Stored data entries

►

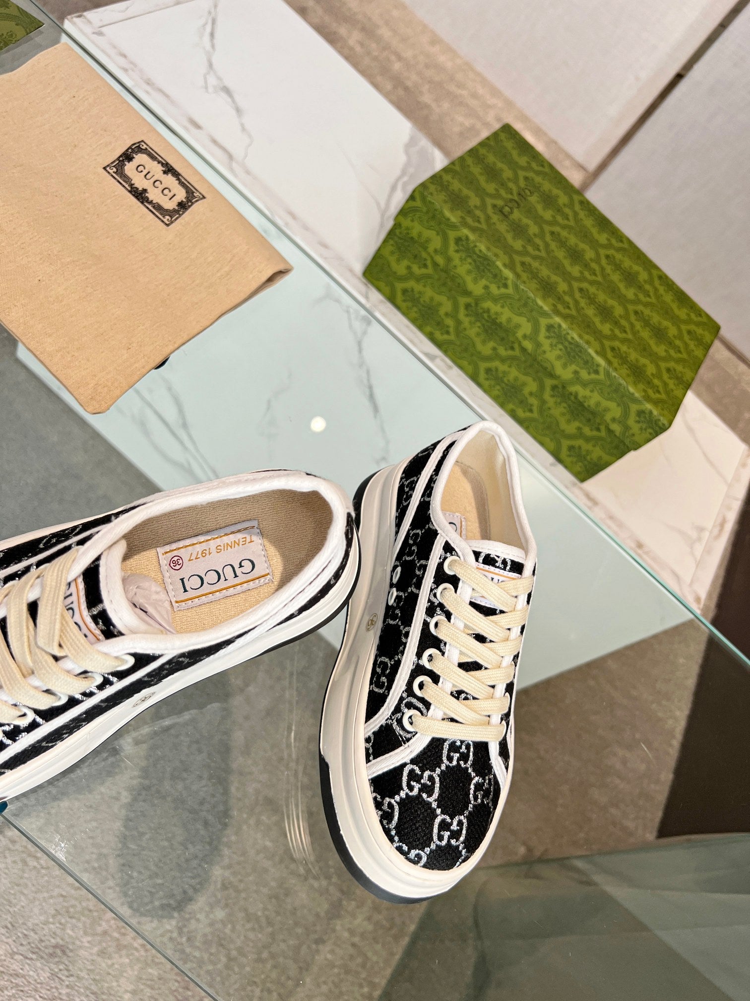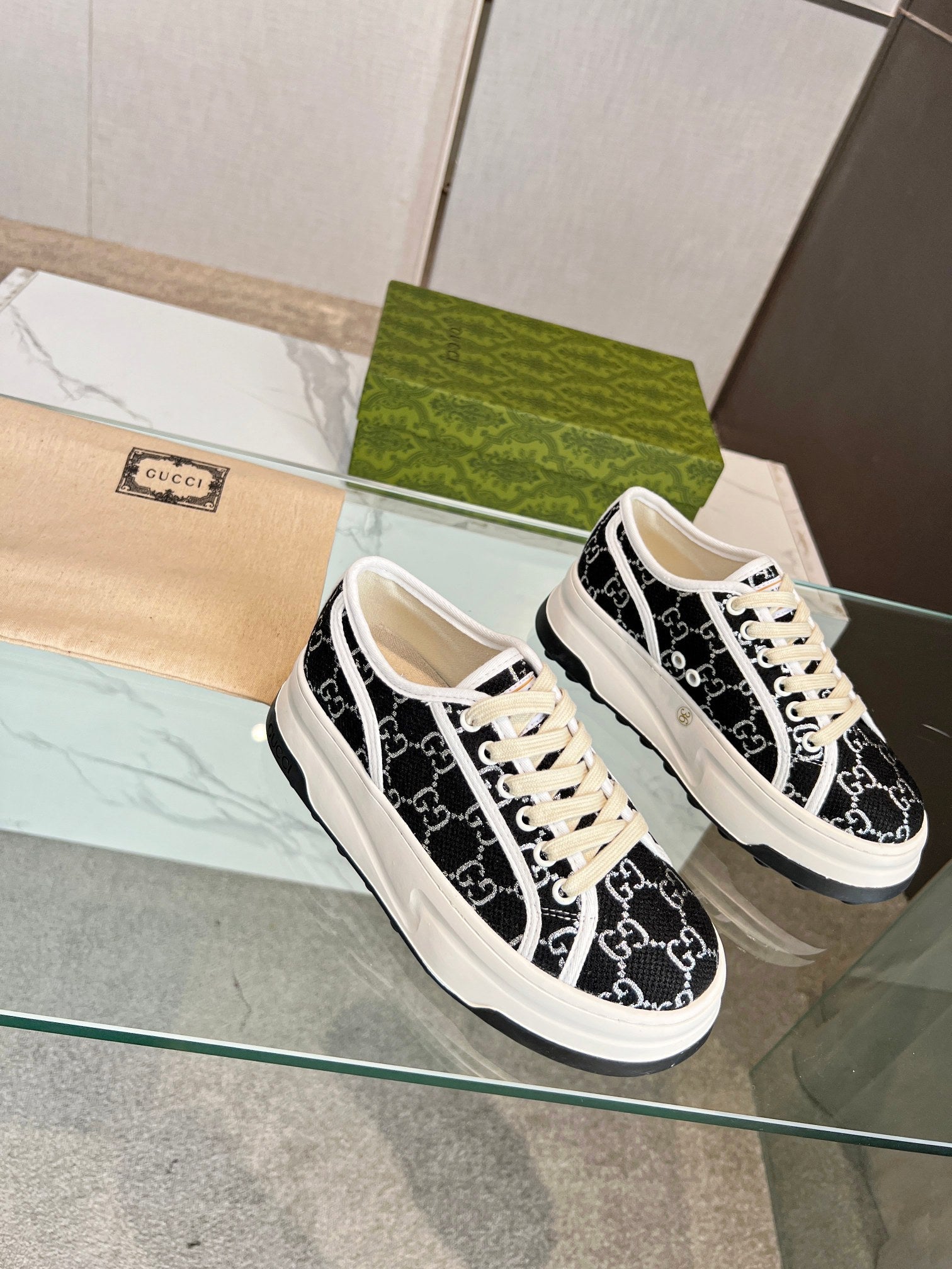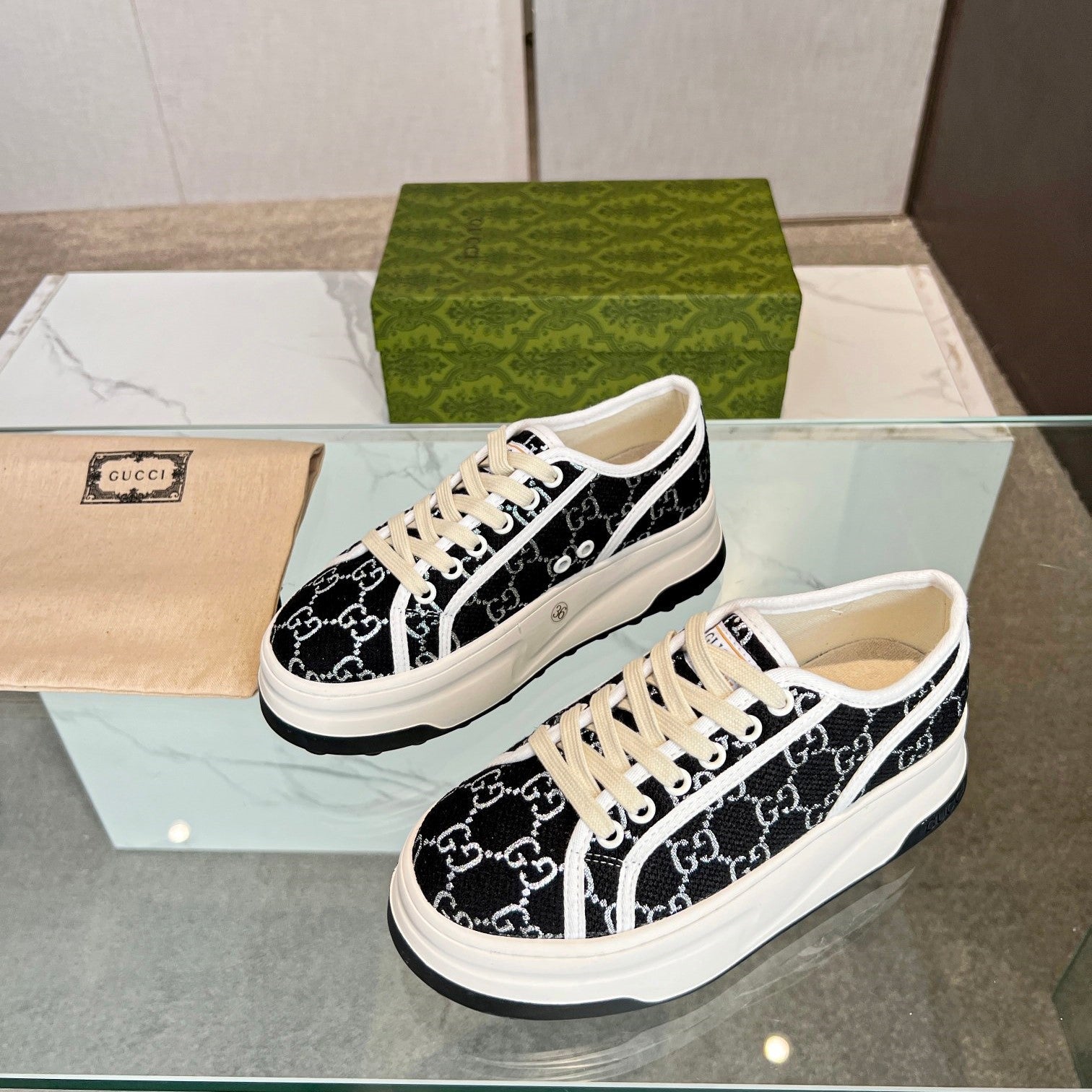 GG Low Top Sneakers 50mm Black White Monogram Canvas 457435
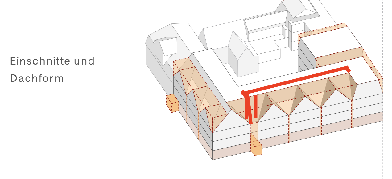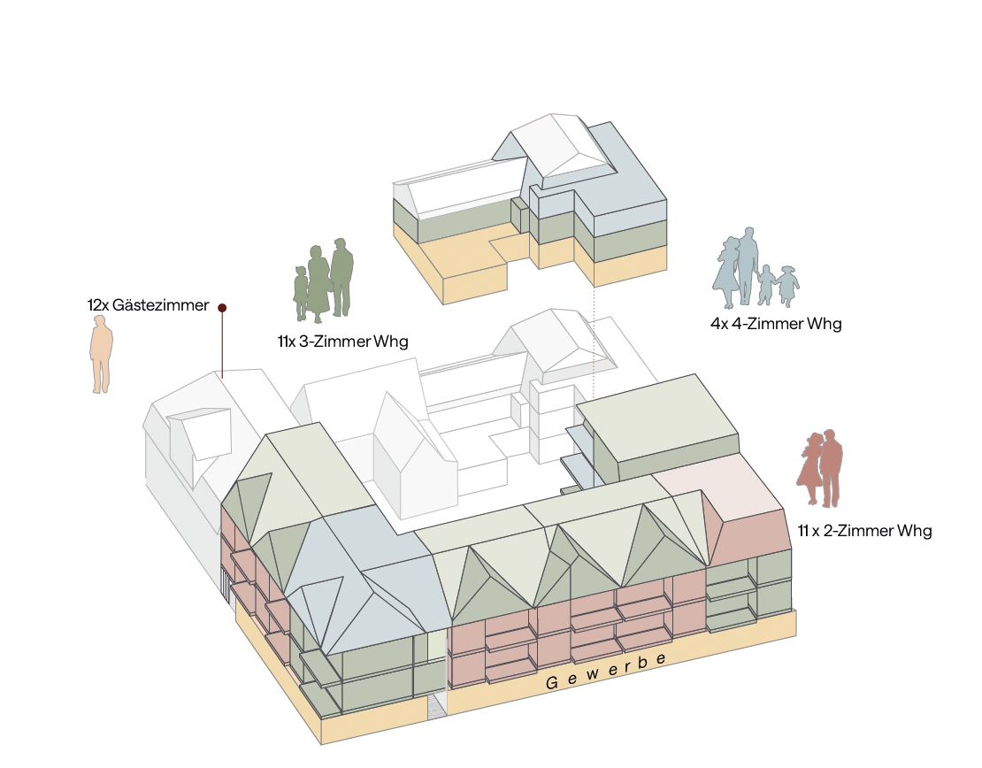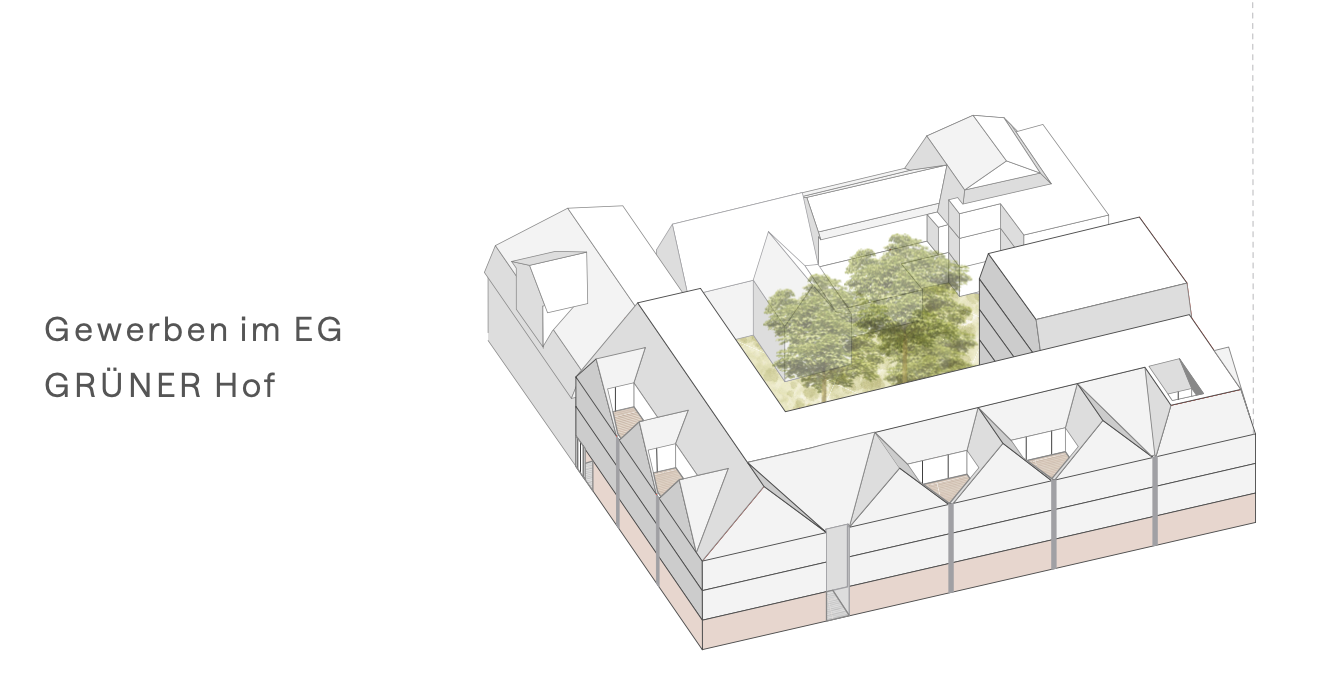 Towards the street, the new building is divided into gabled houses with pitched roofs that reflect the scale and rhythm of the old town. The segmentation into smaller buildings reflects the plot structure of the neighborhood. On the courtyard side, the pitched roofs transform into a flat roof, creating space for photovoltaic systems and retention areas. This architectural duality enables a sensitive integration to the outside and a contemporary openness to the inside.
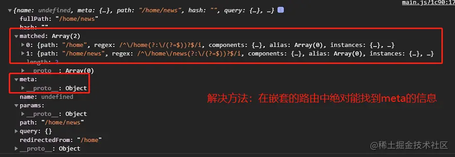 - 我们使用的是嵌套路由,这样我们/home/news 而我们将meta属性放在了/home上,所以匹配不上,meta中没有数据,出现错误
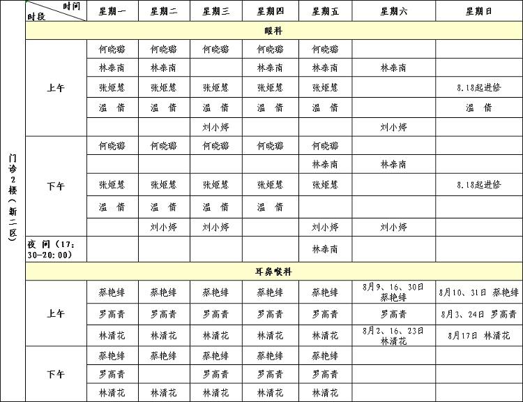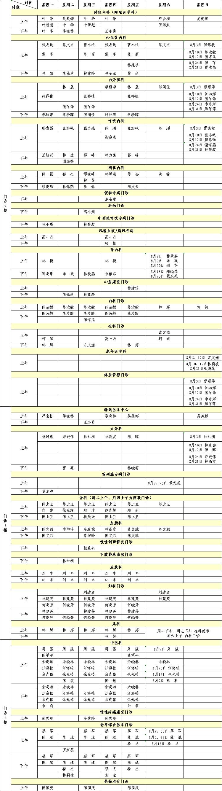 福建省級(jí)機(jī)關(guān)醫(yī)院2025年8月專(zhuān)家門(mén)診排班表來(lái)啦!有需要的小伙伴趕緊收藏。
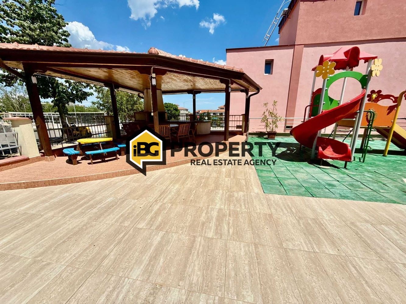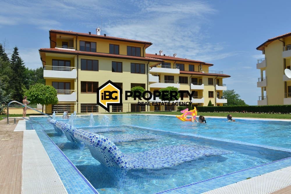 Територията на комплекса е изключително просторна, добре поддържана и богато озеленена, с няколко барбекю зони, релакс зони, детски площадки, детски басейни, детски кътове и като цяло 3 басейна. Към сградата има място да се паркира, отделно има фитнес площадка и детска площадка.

◄

## [Exercise aim]
Where the line containing "福建省級(jí)機(jī)關" appears, begin copying there and continue exactly through the final line of the records; both end lines belong in the copy, pictures do not.

## [Exercise output]
 福建省級(jí)機(jī)關(guān)醫(yī)院2025年8月專(zhuān)家門(mén)診排班表來(lái)啦!有需要的小伙伴趕緊收藏。
 Територията на комплекса е изключително просторна, добре поддържана и богато озеленена, с няколко барбекю зони, релакс зони, детски площадки, детски басейни, детски кътове и като цяло 3 басейна. Към сградата има място да се паркира, отделно има фитнес площадка и детска площадка.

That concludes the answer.